Hydraulic Jack Failure Causes
Without proof load testing, there is no way for AMTs to know if a jack is reliable until it is too late. There are many factors that can impact the performance of your jack, but the most
common issues occur with the hydraulic system. For example, a seal can go bad that causes the hydraulic fluid to leak. This situation can lead to under performance or complete failure of the jack. This is why aircraft jack maintenance plans include inspection of the hydraulic system.
Outside of issues with hydraulics, structural damage can cause equipment to lose integrity. Structural damage can occur from mishandling, damage, or years of wear. For example, a dented leg on a tripod jack could easily collapse when being used to lift a plane. The structural weakness could result in physical harm to maintenance crew members or damage to the jack and lifted aircraft.

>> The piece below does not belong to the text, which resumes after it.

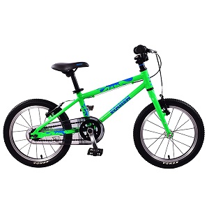 16 inch wheels with 9 inch frame, ideal for children 4 years and above / Shortened crank arms and stem to fit young children much better / Junior Specific V-Brakes / CNC braking surface on rims for added power and durability / Fully enclosed chainguard to keep clothes (and curious fingers!) protected / Complete weight just 6.3kg

Proof Load Testing Benefits
Proof load testing verifies that the exterior and interior components of the jack comply with specifications of the manufacturer to reduce the risk of equipment failure. Regular proof load testing can meet required internal or external quality compliance mandates. Practicing regular jack maintenance and testing increases your value as a high quality provider of aircraft maintenance services. Aviation maintenance facilities may be required, by contract, to provide proof of annual aircraft jack proof load testing in addition to other quality measures. Incorporating manufacturer recommended preventative maintenance and proof load testing can augment your internal quality assurance program and enhance customer peace of mind.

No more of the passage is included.